The study presented by Dr Anne Nielsen (Zealand University Hospital, Denmark) compared 301,542 COPD patients who were new users of β-blockers with more than a million new users of any other antihypertensive drugs [2]. The participants were aged 30-90 years and had no history of COPD hospitalisations. From 1995-2015, participants were followed in the Danish National Patient Registry for hospital admissions for COPD, all-cause mortality, and COPD associated death.

Overall, people treated continuously with β-blockers for more than 6 months had a 20% lower relative risk for COPD hospitalisation in the follow-up period compared with patients treated with other antihypertensives.
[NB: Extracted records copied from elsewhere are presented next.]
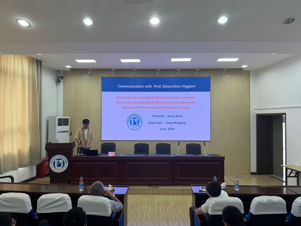 Viggiani教授的报告深入浅出,开拓了大家的学术眼界,师生认真听讲、记录,并就相关问题与Viggiani教授开展深入交流。报告结束后我院董硕等8名研究生向Viggiani教授展示了自己的研究成果,Viggiani教授对每位同学的研究工作进行了详细点评。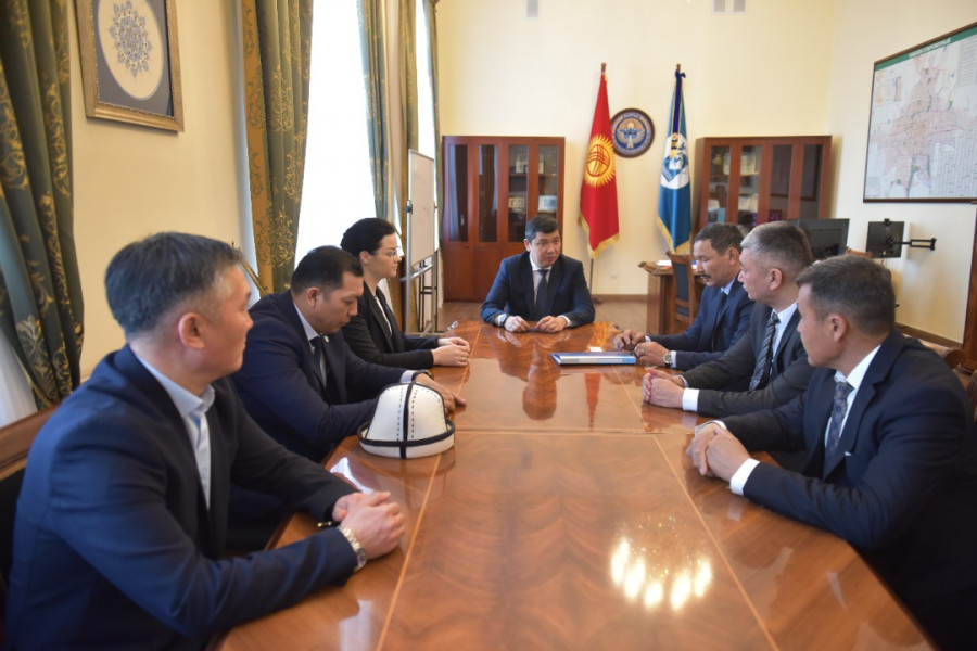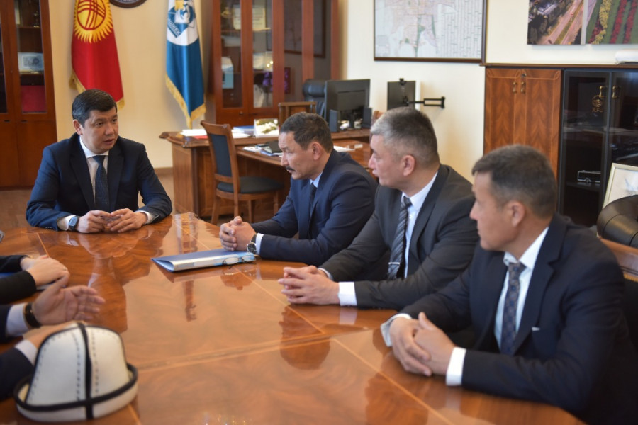 Мэр города Бишкек Айбек Джунушалиев встретился делегацией города Баткен в составе мэра Имамназара Бурканова, председателя Баткенского городского кенеша Алтынбека Аширова и директора департамента муниципального имущества при мэрии г. Баткен Акрамали Акматова.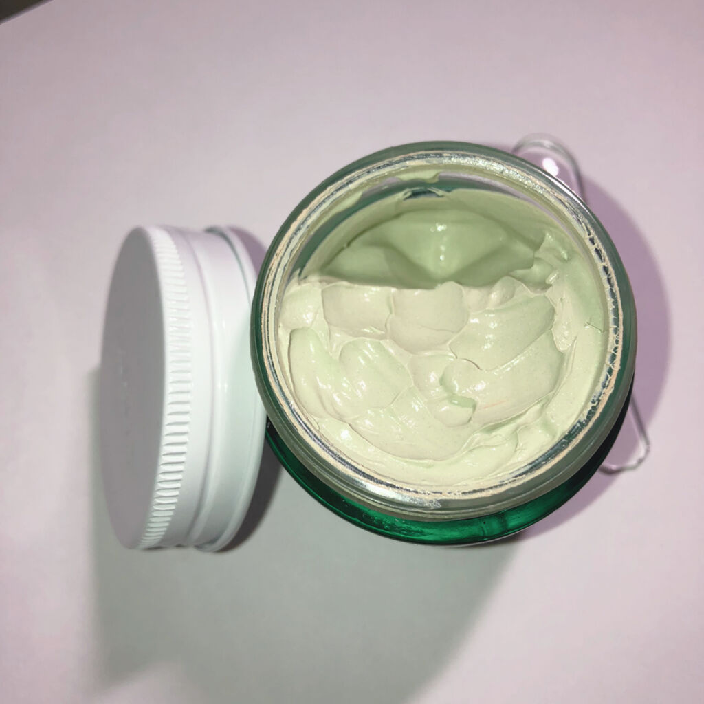 - 赤みをきちんとカバーするスキンケア兼用下地。緑色のクリームが肌でベージュ色に変化し、ニキビ跡やくすみをカバーします。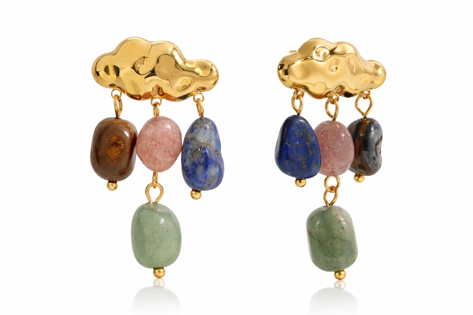 Inspired by drifting clouds and organic forms, the Cloudform Pebble Drop Earrings feature a sculpted gold cloud stud paired with naturally shaped pebble stones in earthy and celestial hues. Each rounded drop moves gracefully, creating a soft yet striking silhouette that blends modern design with an artisanal, free-spirited charm. Perfect for statement styling with effortless elegance.

Subgroup analyses revealed that the risk of COPD hospitalisation was reduced in the β-blockers groups among patients with ischaemic heart disease (HR 0.72; 95% CI 0.69-0.75), cardiac arrhythmias (HR 0.76; 95% CI 0.72-0.80), asthma (HR 0.69; 95% CI 0.61-0.79), hypertension (HR 0.91; 95% CI 0.86-0.96), and pulmonary embolism and cor pulmonale (HR 0.72; 95% CI 0.59-0.87).

The effect was even more pronounced in all-cause mortality: patients treated with β-blockers had a 47% lower relative risk of death compared with patients treated with other antihypertensive drugs (see Figure).

Figure: Patients treated with a β-blocker had a significant lower risk of all-cause mortality [1]



    1. Nielsen AO, et al. PA2459, ERS 2019, 29 Sept-2 Oct, Madrid, Spain.
    2. Nielsen AO, et al. EClinMed 2019;7:21-26.